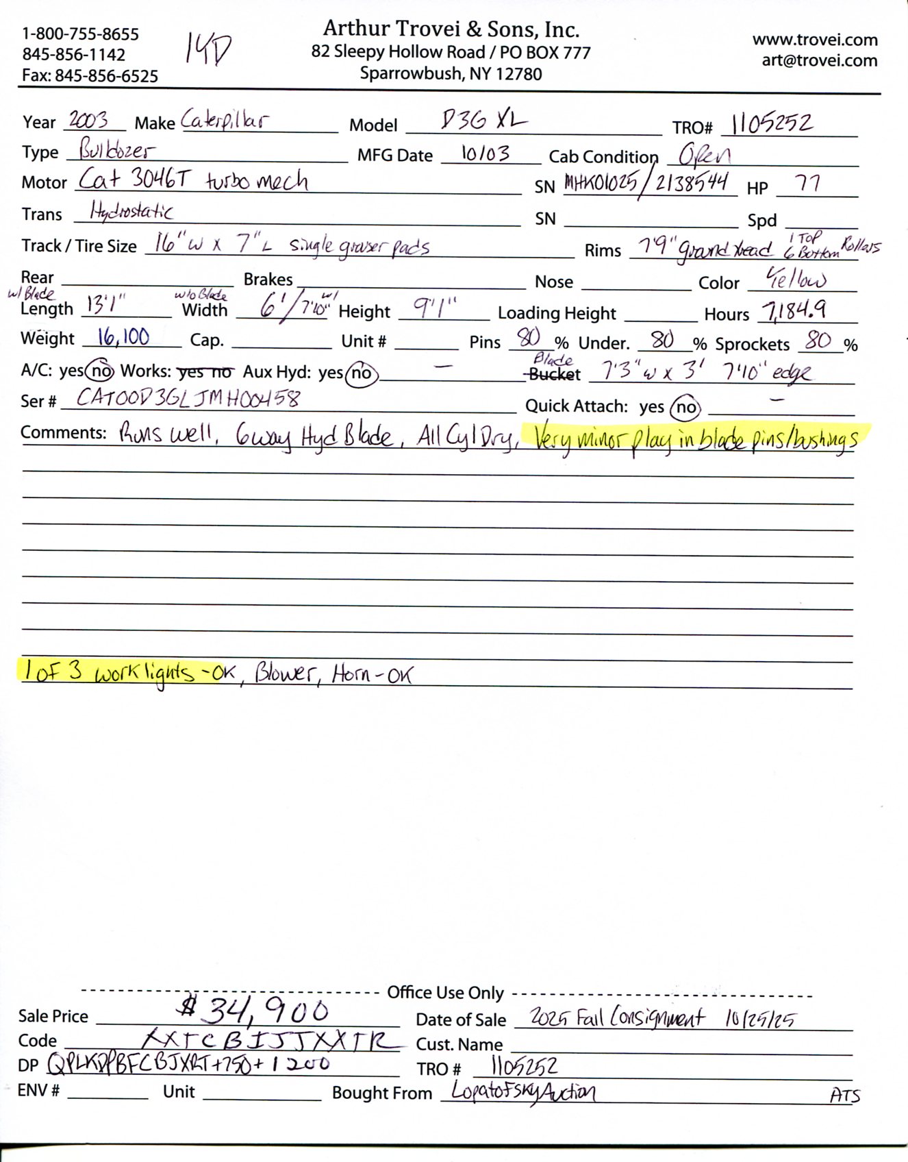 Inventory # 1105252Year: 2003 Make: Caterpillar Model: D3G XL Type: Bulldozer Serial # CAT00D3GLJMH00458 Motor: Caterpillar 3046T Turbo Diesel Mech 77 HP Transmission: Hydrostatic Rear: Tracks: 16" W x 7" L, Single Grouser Pads - 7'9" Ground Tread - 6 Bottom Rollers, 1 Top Roller Hour Meter Reading: 7,184 Length w/ Blade: 13'1" Width: 6' Width w/ Blade: 7'10" Height: 9'1" Undercarriage: 80% Weight: 16,100 lb Blade Details: 7'3" W x 3' T - 7'10" Steel Edge - 6 Way Hydraulic Blade Added Details: Runs And Works Well, All Cylinders Dry, Very Minor Play In Blade Pins And Bushings, Open ROPS Price: $34,900 1YDXXTCBIJJXXTRQPLKDPBFCBJXRT+750+1200 Print This Page | Back to Bulldozer Inventory | Ask A Question Terms of Sale
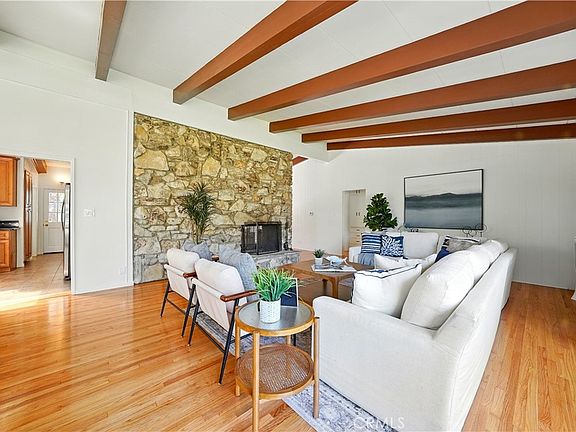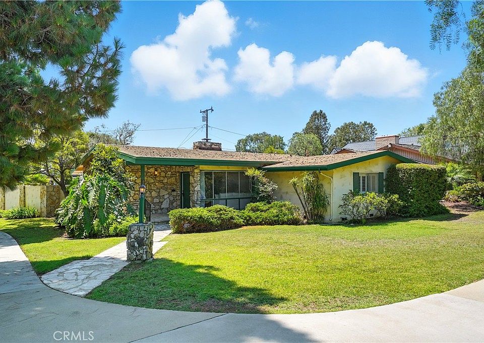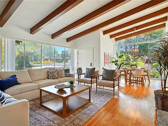 Welcome to this one-story ranch in sought after Park Estates offering 3 bedrooms, 3 bathrooms, and 2,131 square feet of living space complete with a 3-car garage on an 8,990-square-foot corner lot. Mid-century details greet you at the door including vaulted ceilings with wood-accented beams and built-in bookcases. A striking double-sided stone fireplace and dramatic floor-to-ceiling windows fill the open-concept living and dining areas with natural light. The remodeled kitchen features a well-designed layout, a skylight, and space for a coffee bar. A nearby three-quarter bathroom with shower and indoor laundry hookups add convenience. The double-sided fireplace connects the living area to an inviting family room featuring a wall of sliding glass doors that lead to the backyard. For added privacy, a pocket door separates the common areas from the bedrooms. The primary suite offers dual sliding-door closets, a charming “pretty in pink” ensuite bath, and direct access to the patio. Two large bedrooms down the hall share a full bathroom with a period-style tub, dual-sink vanity, and greenhouse window, while showcasing vaulted, beamed ceilings and built-in closets. Outdoors, enjoy a backyard with mature trees, a raised patio seating area, and the detached 3-car garage with an additional laundry hookup. With its thoughtful floor plan, architectural charm, and abundant natural light, this home is a true gem—don’t miss your chance to bring your vision to life.
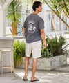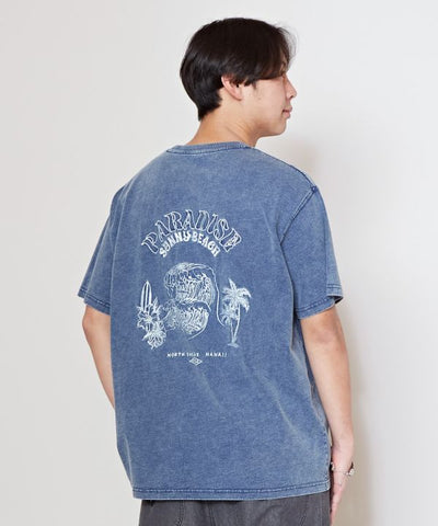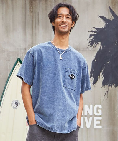 This denim-style cut and sewn men's T-shirt is easy to match with any outfit. The washed finish makes the fabric soft and comfortable to wear. The back of the T-shirt is embroidered with a surf culture design.

> _Task description_
With the pictures omitted, give every line above again exactly.

> _Result of the task_
 Inventory # 1105252Year: 2003 Make: Caterpillar Model: D3G XL Type: Bulldozer Serial # CAT00D3GLJMH00458 Motor: Caterpillar 3046T Turbo Diesel Mech 77 HP Transmission: Hydrostatic Rear: Tracks: 16" W x 7" L, Single Grouser Pads - 7'9" Ground Tread - 6 Bottom Rollers, 1 Top Roller Hour Meter Reading: 7,184 Length w/ Blade: 13'1" Width: 6' Width w/ Blade: 7'10" Height: 9'1" Undercarriage: 80% Weight: 16,100 lb Blade Details: 7'3" W x 3' T - 7'10" Steel Edge - 6 Way Hydraulic Blade Added Details: Runs And Works Well, All Cylinders Dry, Very Minor Play In Blade Pins And Bushings, Open ROPS Price: $34,900 1YDXXTCBIJJXXTRQPLKDPBFCBJXRT+750+1200 Print This Page | Back to Bulldozer Inventory | Ask A Question Terms of Sale
 Welcome to this one-story ranch in sought after Park Estates offering 3 bedrooms, 3 bathrooms, and 2,131 square feet of living space complete with a 3-car garage on an 8,990-square-foot corner lot. Mid-century details greet you at the door including vaulted ceilings with wood-accented beams and built-in bookcases. A striking double-sided stone fireplace and dramatic floor-to-ceiling windows fill the open-concept living and dining areas with natural light. The remodeled kitchen features a well-designed layout, a skylight, and space for a coffee bar. A nearby three-quarter bathroom with shower and indoor laundry hookups add convenience. The double-sided fireplace connects the living area to an inviting family room featuring a wall of sliding glass doors that lead to the backyard. For added privacy, a pocket door separates the common areas from the bedrooms. The primary suite offers dual sliding-door closets, a charming “pretty in pink” ensuite bath, and direct access to the patio. Two large bedrooms down the hall share a full bathroom with a period-style tub, dual-sink vanity, and greenhouse window, while showcasing vaulted, beamed ceilings and built-in closets. Outdoors, enjoy a backyard with mature trees, a raised patio seating area, and the detached 3-car garage with an additional laundry hookup. With its thoughtful floor plan, architectural charm, and abundant natural light, this home is a true gem—don’t miss your chance to bring your vision to life.
 This denim-style cut and sewn men's T-shirt is easy to match with any outfit. The washed finish makes the fabric soft and comfortable to wear. The back of the T-shirt is embroidered with a surf culture design.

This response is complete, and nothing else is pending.